Directors in particular have an obligation to prevent their company from incurring debts that the company cannot pay for. A Director is also expected to be able to judge the fine line between solvency and insolvency, and be ready to act to prevent the company engaging in insolvent trading. However to be able to identify the fine line between solvent and insolvent trading is not an easy one.
It is the company’s cash-flow which is of crucial importance and this is where the line between solvent and insolvent trading can be found. A company is only solvent if it is able to pay all of its debts “as and when they fall due” – not just some of its debts.
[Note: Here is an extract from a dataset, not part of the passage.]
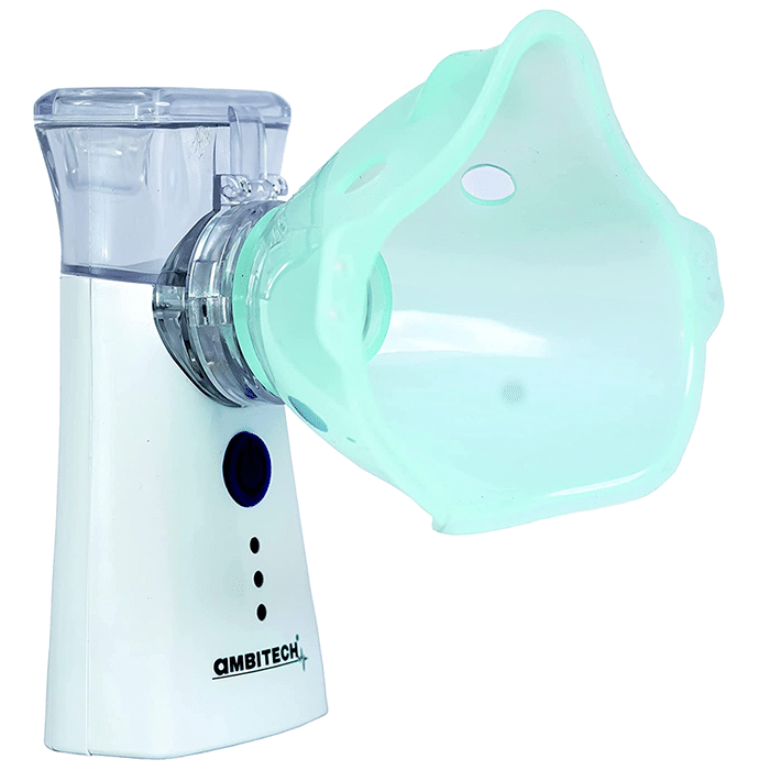 Ambitech NC-12 Portable Mesh Nebulizer Machine is a device that can help administer prescribed medicine, taking it deep into your lungs. The nebulizer can be administered to assuage symptoms like cold, sore throat and cough. It can also aid in clearing the airway of the lungs. It is portable, lightweight, easy to use and clean. | Uses: It can be used to inhale prescribed medication It can aid in clearing the airways | Product Specifications And Features: The nebulizer has a medicine compartment, a clip, a battery cover, mesh, start/stop button and steam indicators It has a small, compact design and is built to be durable The pack contains a mesh nebulizer, an adult mask and a child mask, a USB charging cable and a manual It does not allow any residue of the medicine to linger between the mouth and the throat | Directions For Use: Read the directions provided in the manual before use | Safety Information: Keep out of reach of the children Store in a clean, dry place One person use only

A company that has a surplus of assets over liabilities can still be technically insolvent because of the lack of cash flow to cover its debts.
If it is alleged that a cirector has contravened the Corporations Act in relation to insolvent trading the director must be able to prove one of the following as defence:
• when the company incurred the debt the director had reasonable grounds to expect that the company was solvent and would remain solvent even if the debt was incurred; or
• when the company incurred the debt the director had reasonable grounds to believe (and actually believed) that a subordinate in the company was competent enough to provide the correct information about the company’s solvency status and that the director relied upon this information; or
• that when the debt was incurred the director, because of illness or some other good reason, was unable to take part in the management of the company at that time; or
• that the director took all reasonable steps to stop the company from incurring the debt.
It is clear that although directors may delegate certain responsibilities to other subordinates in the company, they are still obliged to have an active role in the management of the affairs of the company.
To fail in this obligation to properly discharge the duties of the office of a director could lead to personal exposure to liability, and in many cases significant sums of money.